Make an exact copy of all the data, pictures excluded.

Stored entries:
*-*-*

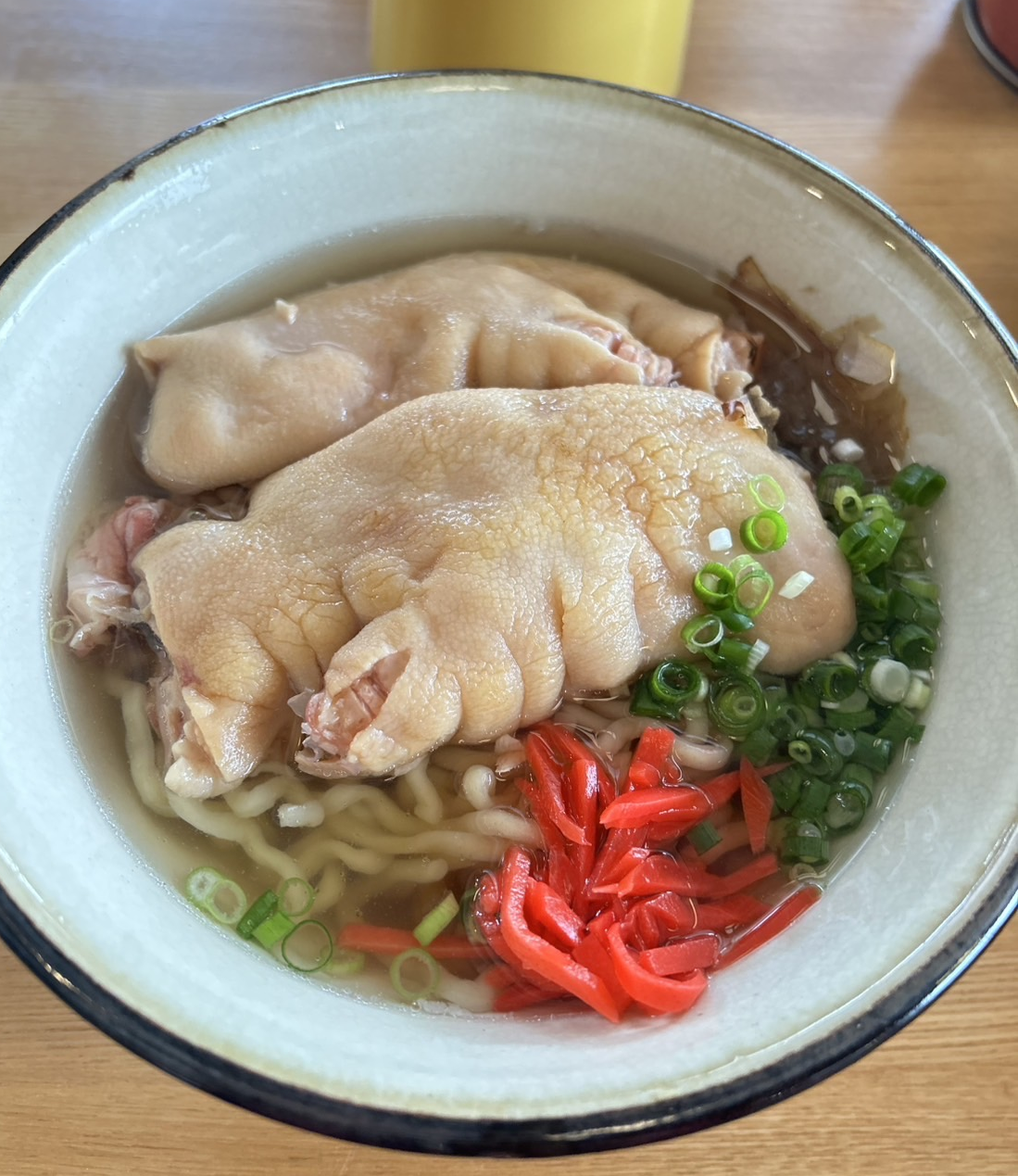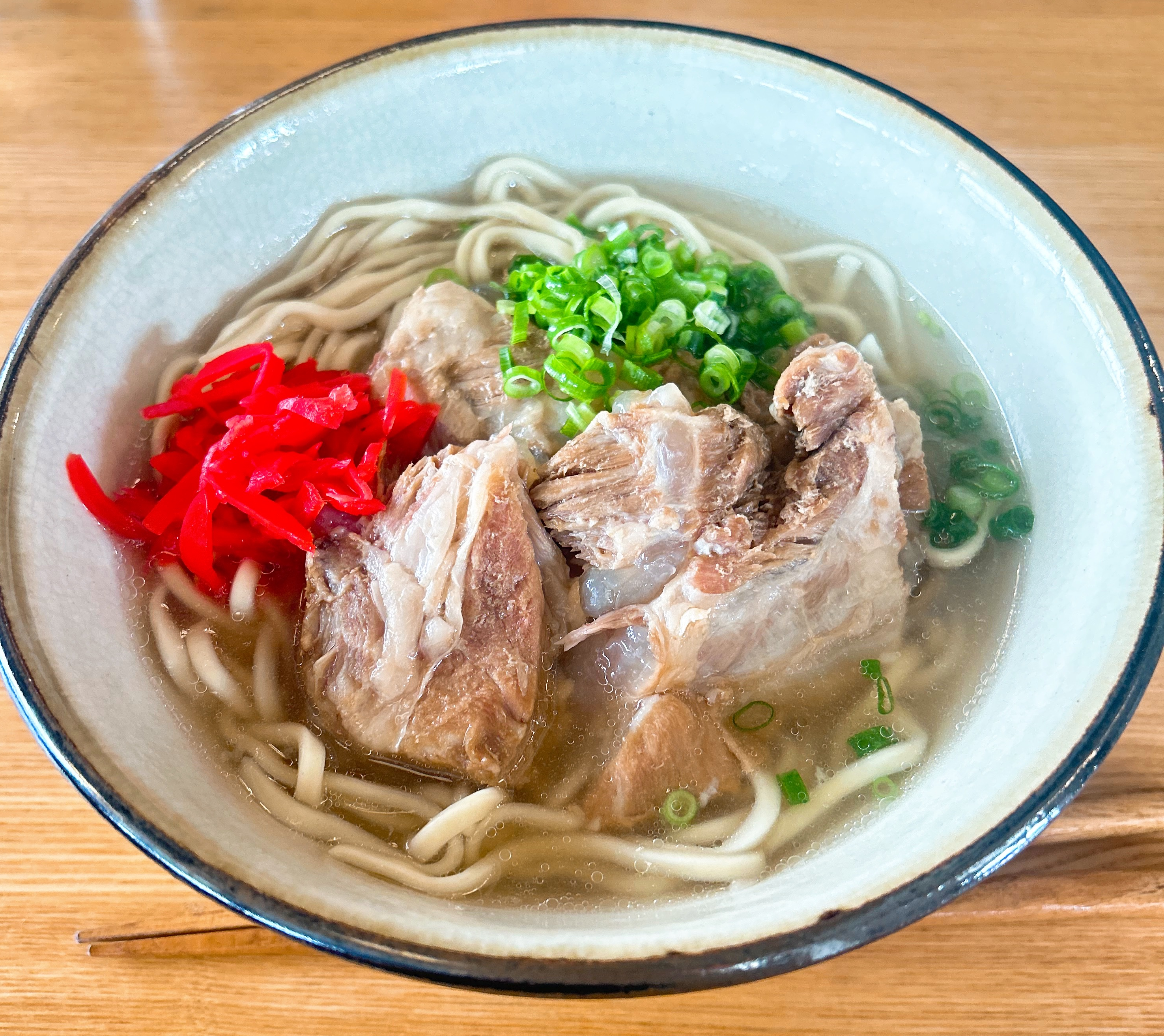 てびちそばは大きなてびちが2つも入っており、とろっとろでお箸で掴むとほぐれるほど柔らかい。そしてなんと、沖縄そばは並の値段と変わらず大盛りに変更出来るのでとってもお得です。
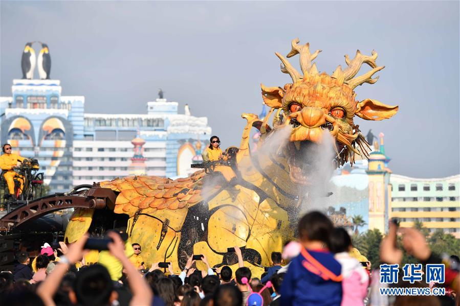 1月18日,大型機(jī)械裝置藝術(shù)品“龍馬精神”在珠海長(zhǎng)隆海洋王國(guó)巡游展示。新華社記者 劉大偉 攝
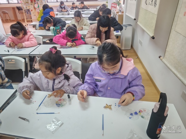 非遺胸針DIY環(huán)節(jié),“閱讀媽媽”一對(duì)一指導(dǎo)大家如何將黃鶴樓元素、荊楚紋樣融入指尖創(chuàng)作。一枚枚精美的胸針逐漸成型,文化記憶也被定格于方寸之間。當(dāng)孩子們將親手制作的胸針佩戴于胸前時(shí),臉上洋溢著滿(mǎn)滿(mǎn)的成就感與自豪感。
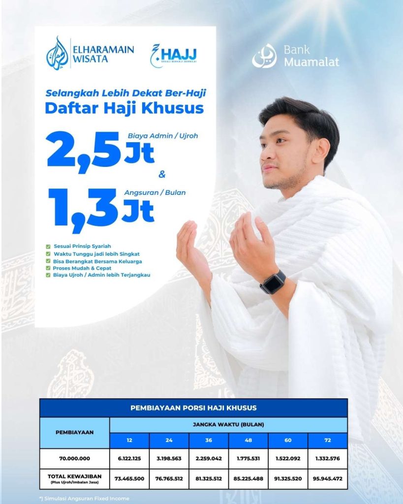 Program Pembiayaan Nomor Porsi Haji bekerja sama dengan Bank Muamalat hadir sebagai solusi syariah bagi Anda yang ingin segera mendaftar haji. Menggunakan prinsip syariah dan telah mendapatkan persetujuan DSN MUI, program ini aman dan terpercaya. Dengan DP hanya Rp2,5 juta dan cicilan mulai satu jutaan per bulan, Anda sudah dapat memperoleh nomor porsi haji resmi. Wujudkan niat suci ke Baitullah lebih cepat, terencana, dan sesuai syariat bersama Elharamain Wisata.
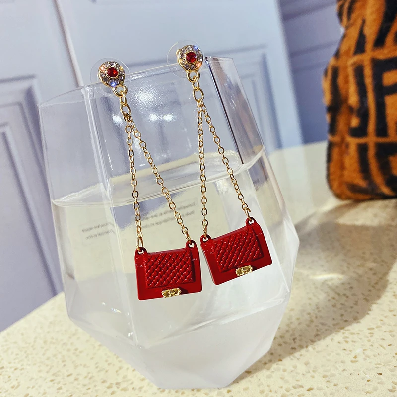 Женские серьги с кисточками в стиле красной сумки креативного дизайна, модные ювелирные украшения, уникальные массивные серьги, вечерние ювелирные изделия, подарки
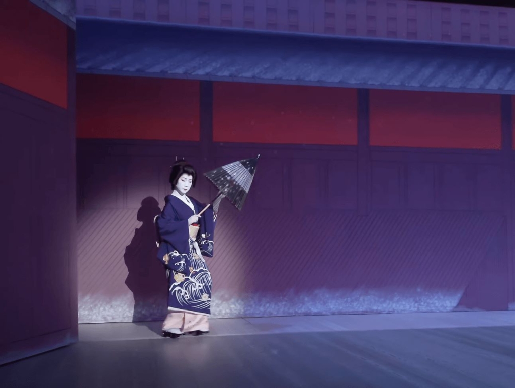 最終,在第八幕結束後,藝妓和舞妓齊聚在描繪八坂神社櫻花盛開的佈景前一起謝幕,花瓣飄舞的景象為這一小時的時空旅程畫下了美麗的句點。從第一幕的「置歌」,舞妓們在閃爍銀箔光澤的拉門前優雅起舞,一直到劇末,在櫻花瓣飄散的背景下謝幕,觀眾就像隨著時間的流轉一起感受著,最後又回到了當下櫻花綻放的美好時刻。
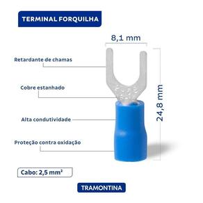 Terminal para conexão elétrica com dimensão de 8,1 mm x M5 e seção de 2,5 mm.
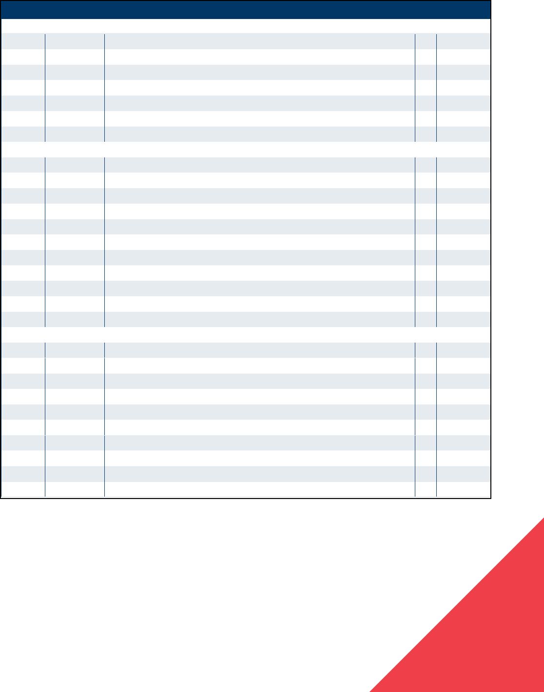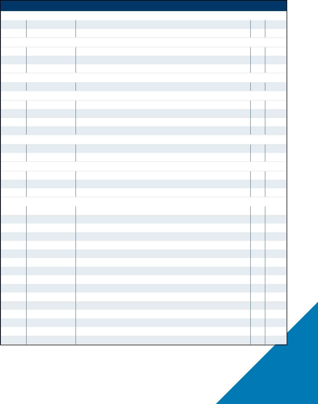 Turn to the category of interest, in the order identified on
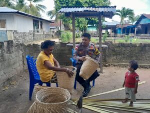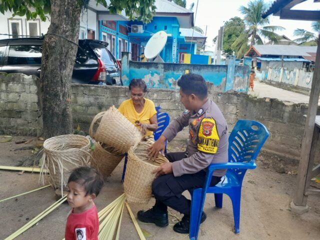 Tribratanews.polrestanimbar.com – Polda Maluku, Polres Kepuluan Tanimbar, wujudkan Polri dalm mendukung UMKM, Bhabinkamtibmas Desa Lauran Brigpol S.A. Ivakdalam sambangi Warga binaan melalui Door to door Sistem (DDS) kepada Pelaku UMKM pengrajin Bakul yaitu Ibu Yuliana Sarbunan Warga RT. 08/RW 02 Desa Lauran, Kecamatan Tanimbar Selatan, Kabupaten Kepulauan Tanimbar, Rabu (24/05).
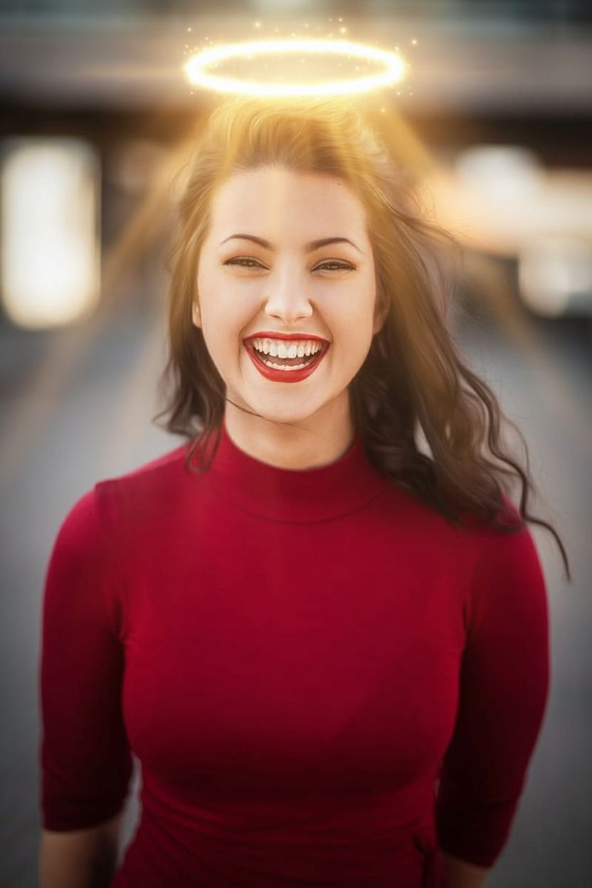 Add a divine glowing halo above your head for an angelic, ethereal look. The soft golden light radiates naturally around your avatar, making it perfect for spiritual, fantasy, or simply standout profile pictures. **Prompt used:** Add a glowing golden halo floating above her head, soft ethereal divine light emanating from it, angelic glow with warm golden light rays, same face and expression preserved
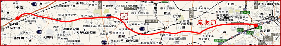 豪徳寺、経堂、千歳台、上祖師谷を経て調布に入り甲州道中に合流して滝坂を下っていった。
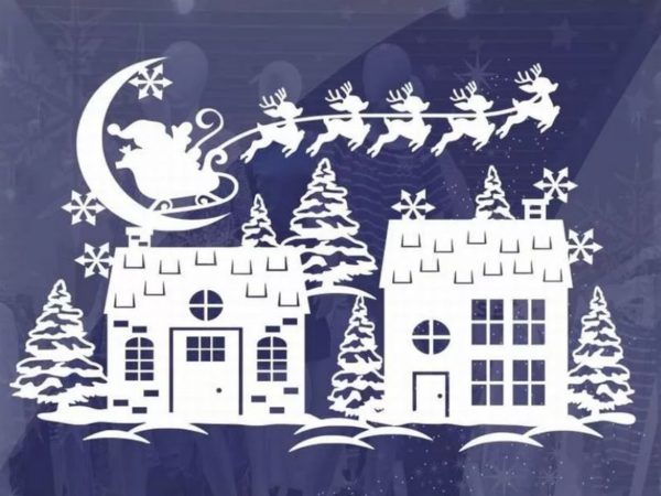 На нижнюю часть окна можно приклеить вытынанки домиков. Разнообразие вариантов позволяет выбрать картинки разной сложности. Например – домики припорошенные снегом и с трубой, из которой идет дым.
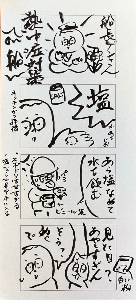 熱中症対策には粗塩と水だ、とすこぶるシンプルな意見の船長。
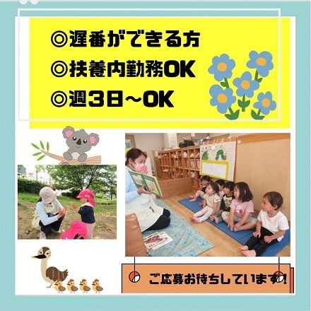 【時間】 週3日以上 【勤務時間】 週3日以上/シフト制 開園時間:7時30分~19時30分 シフト例: (遅番)13時~18時30分 14時30分~19時 1ヶ月の労働時間:60~120時間/月 【勤務期間】 ・雇用期間の定めあり:初年度、年度末まで(~3/31)・以降、原則契約更新(勤務成績・能力・会社状況等により判断) ・更新上限回数/通算契約期間上限:採用より1年経過後の次の年度契約更新時に原則無期雇用契約(対象外:再雇用制度による継続雇用者・学生・期間限定業務従事者) ※対象外に該当する方は面接時に説明します
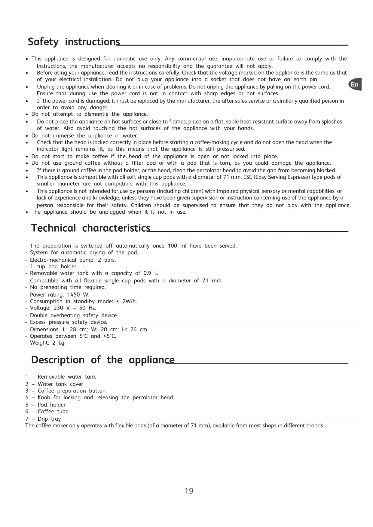 cafetie?re Direct serve CW 100 TEFAL.qxd:Cafet Tefal Express 01_FR. qxd 20/03/09 11:53 Page 18Safety instructions
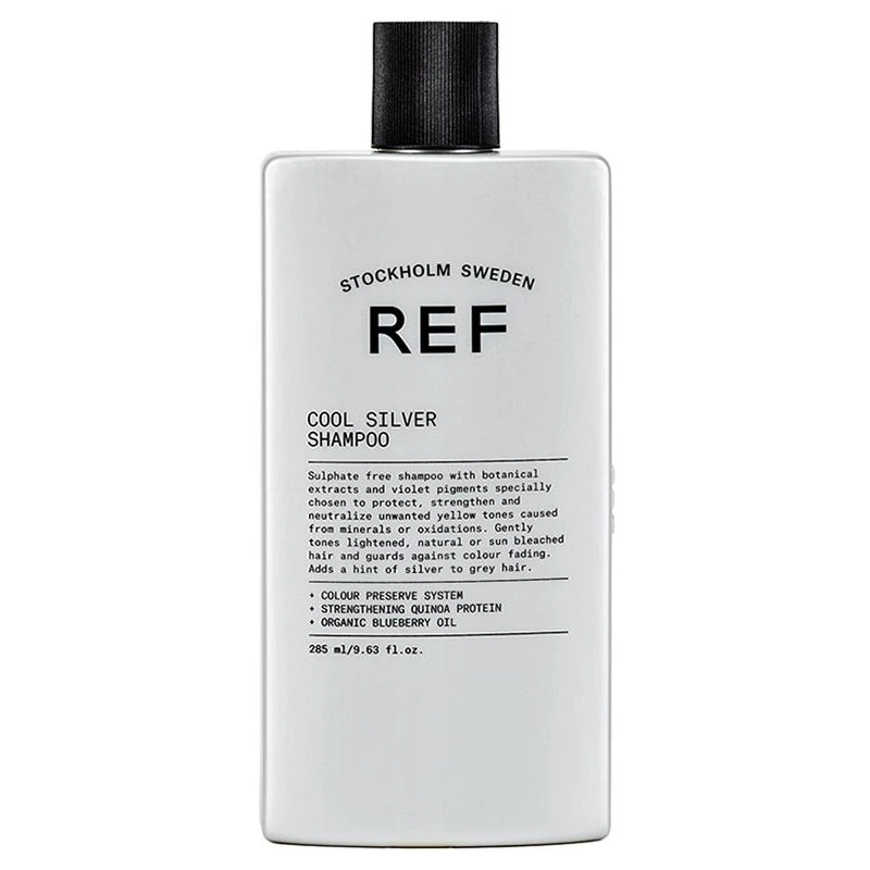 REF Cool Silver Shampoo er en sulfat fri shampoo der styrker og beskytter håret. Shampooen indeholder botaniske ekstrakter og violette pigmenter der er specielt udviklet til at at neutralisere et uønsket gult skær, når man har afbleget hår, eller solblegede striber. REF Cool Silver Shampoo er ideel til at give et gråt/hvidt hår et flot sølvskær samt beskytter håret mod farvetab. En lækker vegan venlig silverhampoo berriget med styrkende quinoa proteiner og organisk blåbær olie.

*-*-*

> **Output**:
 てびちそばは大きなてびちが2つも入っており、とろっとろでお箸で掴むとほぐれるほど柔らかい。そしてなんと、沖縄そばは並の値段と変わらず大盛りに変更出来るのでとってもお得です。
 1月18日,大型機(jī)械裝置藝術(shù)品“龍馬精神”在珠海長(zhǎng)隆海洋王國(guó)巡游展示。新華社記者 劉大偉 攝
 非遺胸針DIY環(huán)節(jié),“閱讀媽媽”一對(duì)一指導(dǎo)大家如何將黃鶴樓元素、荊楚紋樣融入指尖創(chuàng)作。一枚枚精美的胸針逐漸成型,文化記憶也被定格于方寸之間。當(dāng)孩子們將親手制作的胸針佩戴于胸前時(shí),臉上洋溢著滿(mǎn)滿(mǎn)的成就感與自豪感。
 Program Pembiayaan Nomor Porsi Haji bekerja sama dengan Bank Muamalat hadir sebagai solusi syariah bagi Anda yang ingin segera mendaftar haji. Menggunakan prinsip syariah dan telah mendapatkan persetujuan DSN MUI, program ini aman dan terpercaya. Dengan DP hanya Rp2,5 juta dan cicilan mulai satu jutaan per bulan, Anda sudah dapat memperoleh nomor porsi haji resmi. Wujudkan niat suci ke Baitullah lebih cepat, terencana, dan sesuai syariat bersama Elharamain Wisata.
 Женские серьги с кисточками в стиле красной сумки креативного дизайна, модные ювелирные украшения, уникальные массивные серьги, вечерние ювелирные изделия, подарки
 最終,在第八幕結束後,藝妓和舞妓齊聚在描繪八坂神社櫻花盛開的佈景前一起謝幕,花瓣飄舞的景象為這一小時的時空旅程畫下了美麗的句點。從第一幕的「置歌」,舞妓們在閃爍銀箔光澤的拉門前優雅起舞,一直到劇末,在櫻花瓣飄散的背景下謝幕,觀眾就像隨著時間的流轉一起感受著,最後又回到了當下櫻花綻放的美好時刻。
 Terminal para conexão elétrica com dimensão de 8,1 mm x M5 e seção de 2,5 mm.
 Turn to the category of interest, in the order identified on
 Tribratanews.polrestanimbar.com – Polda Maluku, Polres Kepuluan Tanimbar, wujudkan Polri dalm mendukung UMKM, Bhabinkamtibmas Desa Lauran Brigpol S.A. Ivakdalam sambangi Warga binaan melalui Door to door Sistem (DDS) kepada Pelaku UMKM pengrajin Bakul yaitu Ibu Yuliana Sarbunan Warga RT. 08/RW 02 Desa Lauran, Kecamatan Tanimbar Selatan, Kabupaten Kepulauan Tanimbar, Rabu (24/05).
 Add a divine glowing halo above your head for an angelic, ethereal look. The soft golden light radiates naturally around your avatar, making it perfect for spiritual, fantasy, or simply standout profile pictures. **Prompt used:** Add a glowing golden halo floating above her head, soft ethereal divine light emanating from it, angelic glow with warm golden light rays, same face and expression preserved
 豪徳寺、経堂、千歳台、上祖師谷を経て調布に入り甲州道中に合流して滝坂を下っていった。
 На нижнюю часть окна можно приклеить вытынанки домиков. Разнообразие вариантов позволяет выбрать картинки разной сложности. Например – домики припорошенные снегом и с трубой, из которой идет дым.
 熱中症対策には粗塩と水だ、とすこぶるシンプルな意見の船長。
 【時間】 週3日以上 【勤務時間】 週3日以上/シフト制 開園時間:7時30分~19時30分 シフト例: (遅番)13時~18時30分 14時30分~19時 1ヶ月の労働時間:60~120時間/月 【勤務期間】 ・雇用期間の定めあり:初年度、年度末まで(~3/31)・以降、原則契約更新(勤務成績・能力・会社状況等により判断) ・更新上限回数/通算契約期間上限:採用より1年経過後の次の年度契約更新時に原則無期雇用契約(対象外:再雇用制度による継続雇用者・学生・期間限定業務従事者) ※対象外に該当する方は面接時に説明します
 cafetie?re Direct serve CW 100 TEFAL.qxd:Cafet Tefal Express 01_FR. qxd 20/03/09 11:53 Page 18Safety instructions
 REF Cool Silver Shampoo er en sulfat fri shampoo der styrker og beskytter håret. Shampooen indeholder botaniske ekstrakter og violette pigmenter der er specielt udviklet til at at neutralisere et uønsket gult skær, når man har afbleget hår, eller solblegede striber. REF Cool Silver Shampoo er ideel til at give et gråt/hvidt hår et flot sølvskær samt beskytter håret mod farvetab. En lækker vegan venlig silverhampoo berriget med styrkende quinoa proteiner og organisk blåbær olie.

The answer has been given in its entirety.